Его нерешительный стук в дверь соседей сверху, на которой была напечатана карточка с именем ВАН ДжиЭЛДЕН, для него означал начало того самого, чего он добросовестно избегал все эти годы. В здании, в котором он жил раньше, когда Юваль, будучи голодным подростком, обнаружил, что в доме нет сахара, и предложил одолжить немного у соседей, Майкл пришел в ужас.
“Соседей нет”, - твердо заявил он. “Это начинается с просьбы о сахаре и заканчивается тем, что меня приглашают в Комитет жильцов”.

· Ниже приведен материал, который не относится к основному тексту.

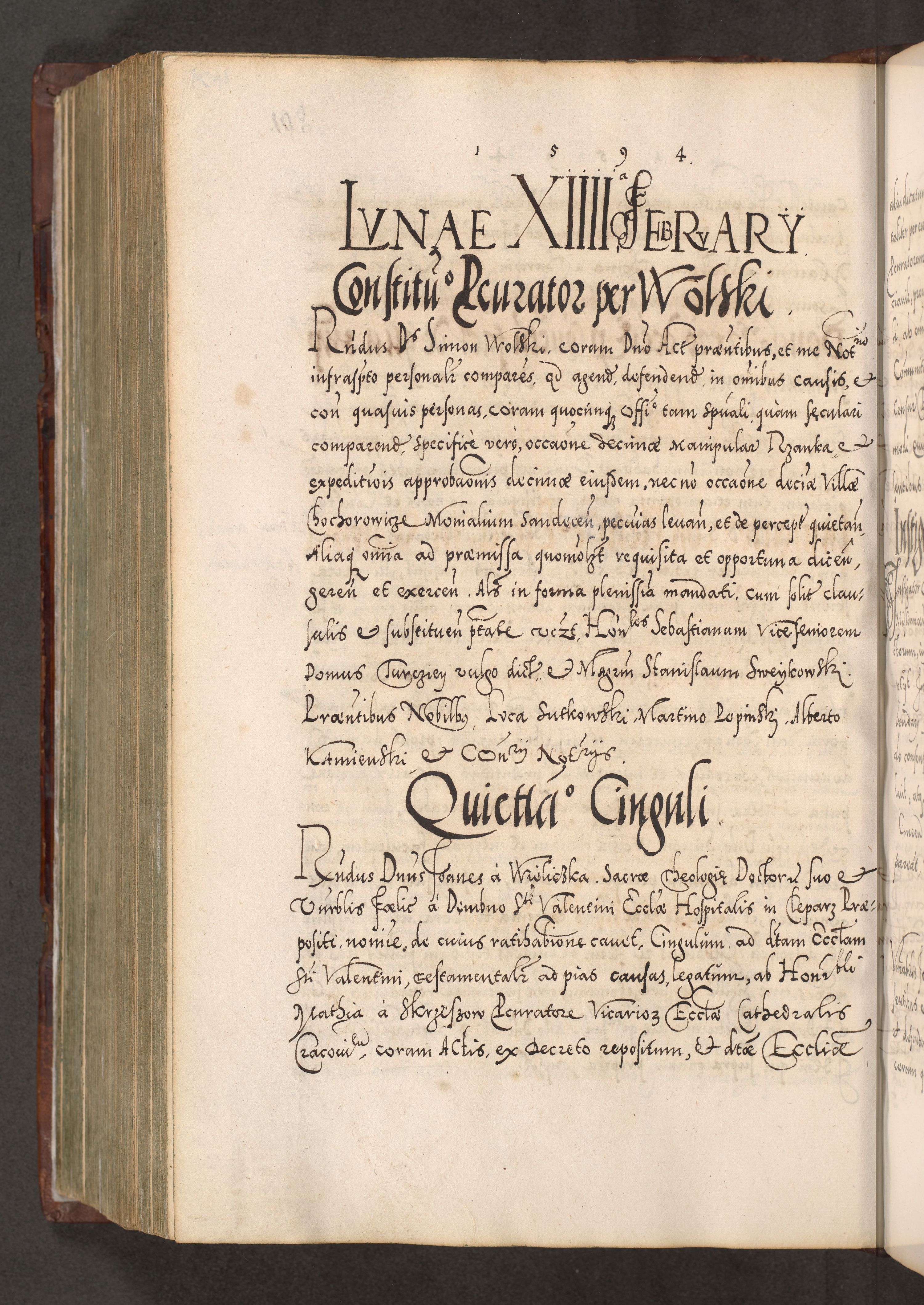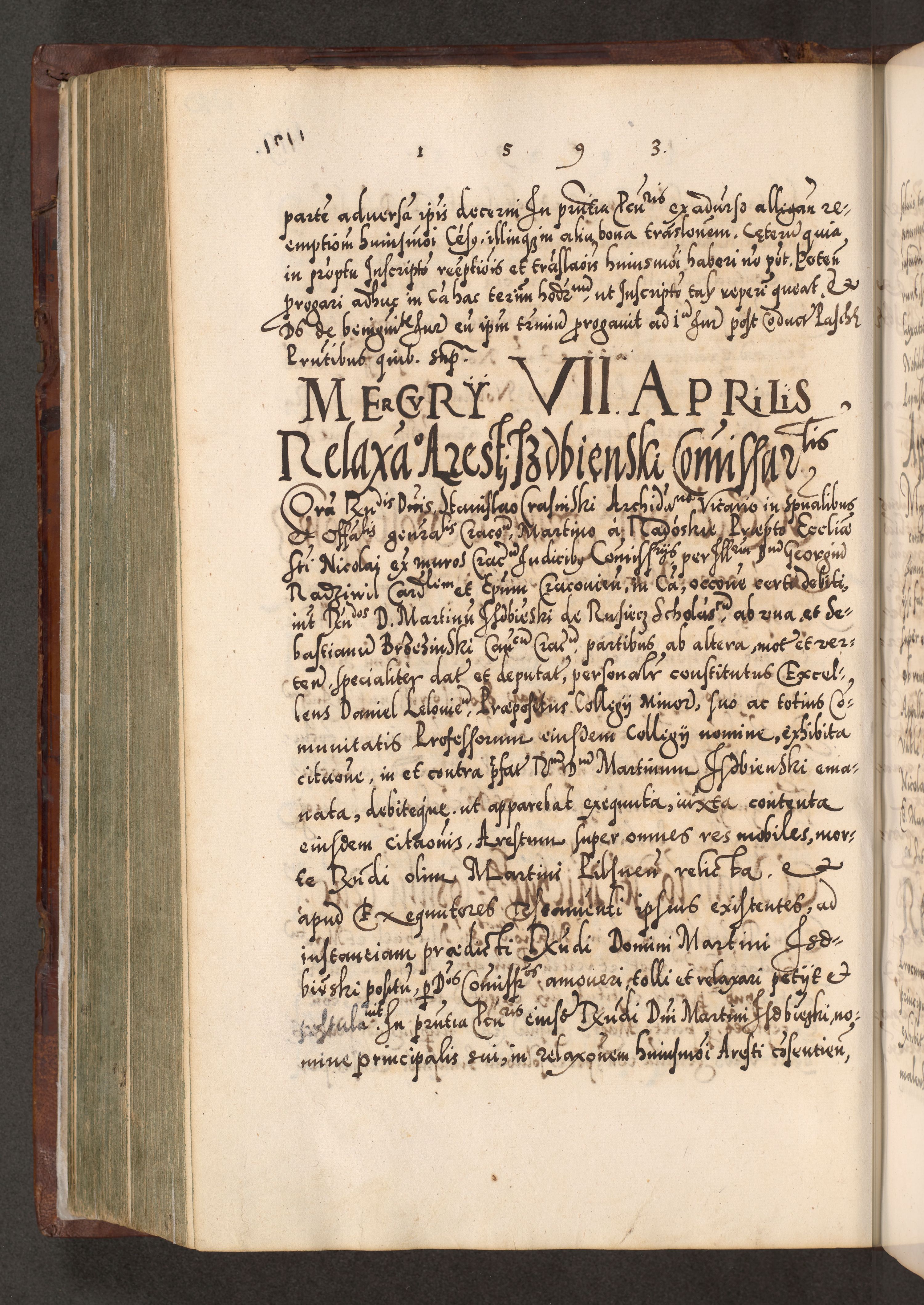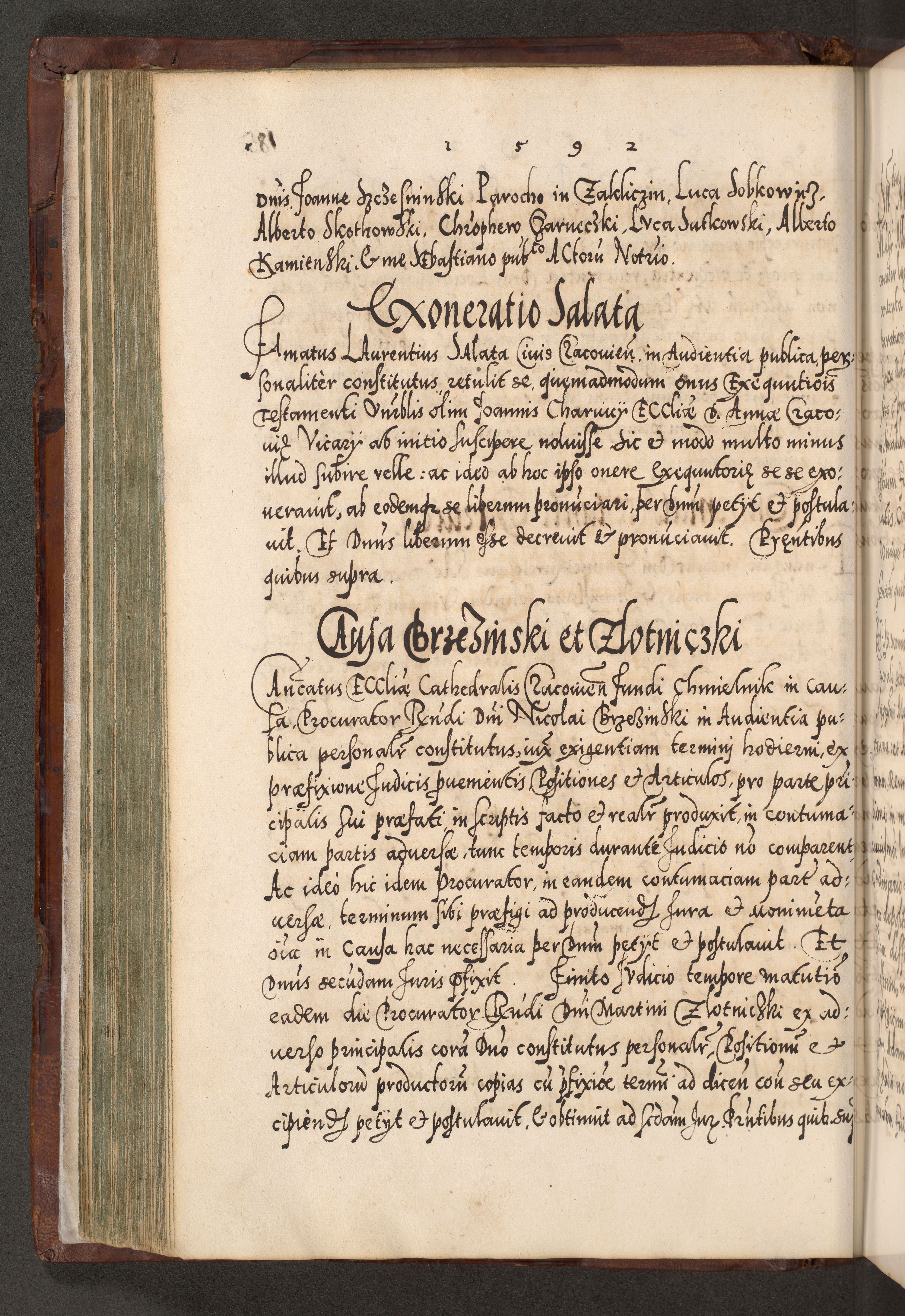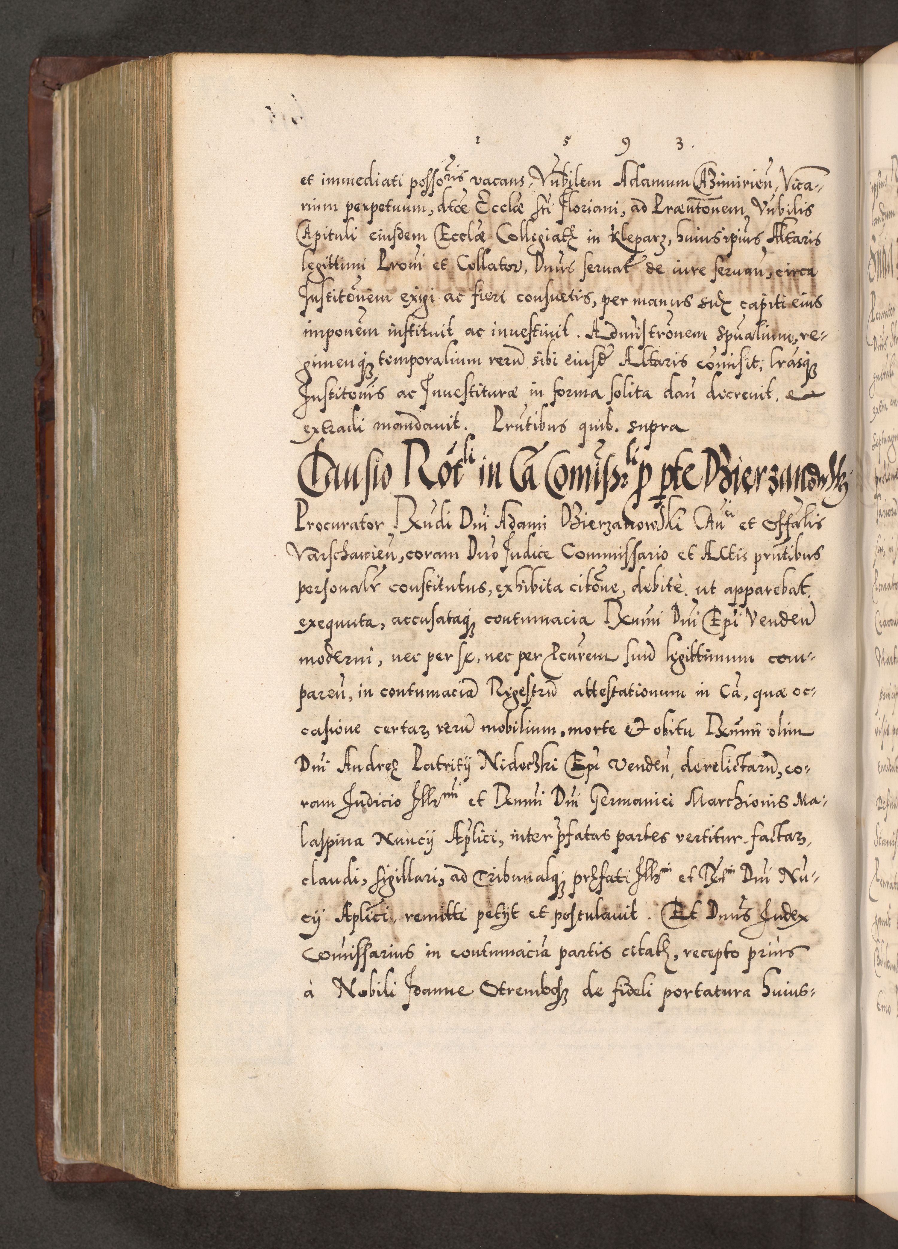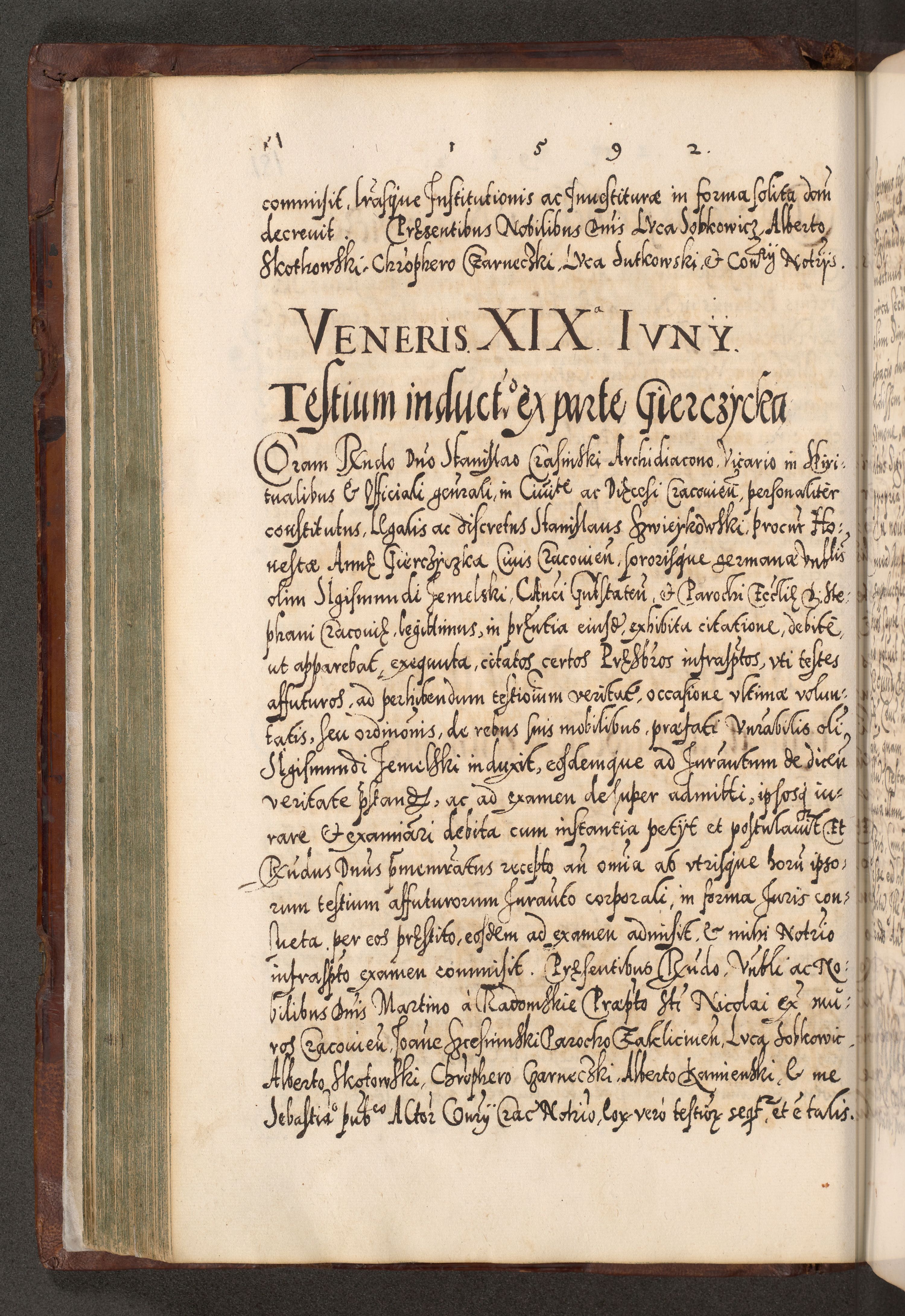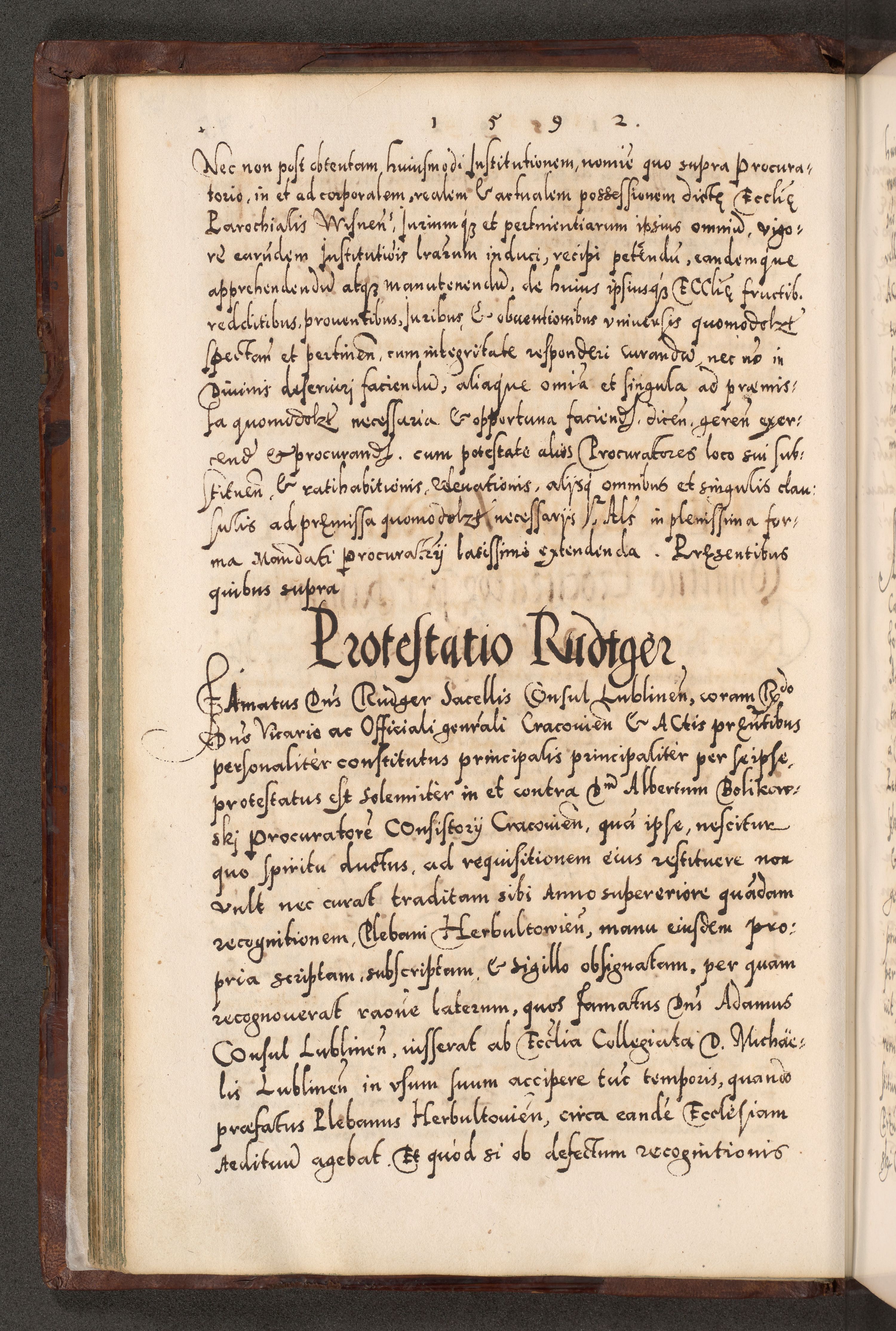 Illistrissimo et revedissimo in Christo Patre Domino Domino Georgio Rzadziwił Miserone Divina Sacrostae R. E. Tituli S. Sixti Presbitero Cardinali Duce in Olyka et Niesswiesz ad Gubernacula Ecclessiae Cracoviensis cuius administratorialem a Sancta Sede Apostolica obtinverat feliciter sedente. Acta actorum, causarum, sententiarum tam deffinitivarum quam interloquutoriarum decretorum, obligationum, quietationum, recognitionum, constitutionum procuratorum etc. coram Reverendo Domino Stanislao Crassinskz de Crasne Archidiacono Cracoviensis, Scholastico Gnesnesis, Custode Plocensis etc. Vicario et Officiali Generali Cracoviensi in Ano Domini Millesimo Quingentesimo Nonagesimo Primo cuius indictio quarta pontificatus SS. Domini Nostri Gregorii XIIII Anno I psius prio feliciter incipiut

“Тебе все равно придется это сделать”, - пообещал Юваль. “Придет твоя очередь. Мама такая же, но дедушка заботится об этом за нее”.
“Если меня не существует, я не обязан этого делать”, - настаивал Майкл.
“Что вы имеете в виду, если вы не существуете? Вы действительно существуете!” Юваль протестовал назидательным тоном, который он принимал всякий раз, когда его отец казался оторванным от реальности. Он склонил голову с критическим выражением лица, требуя положить конец этой бессмыслице.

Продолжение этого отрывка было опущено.